## Work instruction
What you give back should be exactly the lines from the one with "近日(8月31日)《关于推动" through the end of the data, without the pictures.

## Input data

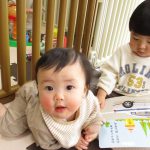 0歳児さんはお部屋で玩具やダンボールの積木で遊びました(^_^)
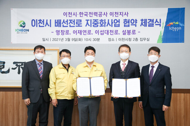 이천시(시장 엄태준)와 한국전력공사 이천지사는 9일 엄태준 이천시장과 정춘택 한국전력공사 이천지사장 등 관계자들이 참석한 가운데 이천시 시가지의 도시미관 정비를 위한 배전선로 지중화사업을 위한 협약을 체결했다.
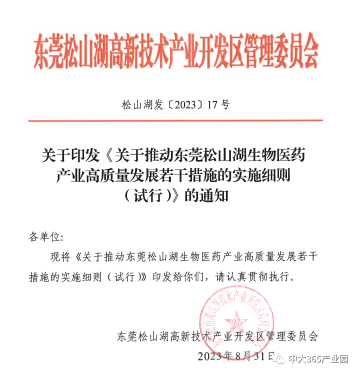 近日(8月31日)《关于推动东莞松山湖生物医药产业高质量发展若干措施的实施细则(试行)》发布
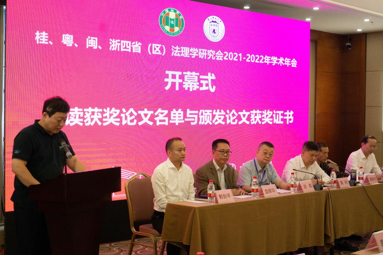 广西师范大学法学院副院长、广西壮族自治区法理学研究会秘书长李德进宣读获奖名单

## Exercise solution
 近日(8月31日)《关于推动东莞松山湖生物医药产业高质量发展若干措施的实施细则(试行)》发布
 广西师范大学法学院副院长、广西壮族自治区法理学研究会秘书长李德进宣读获奖名单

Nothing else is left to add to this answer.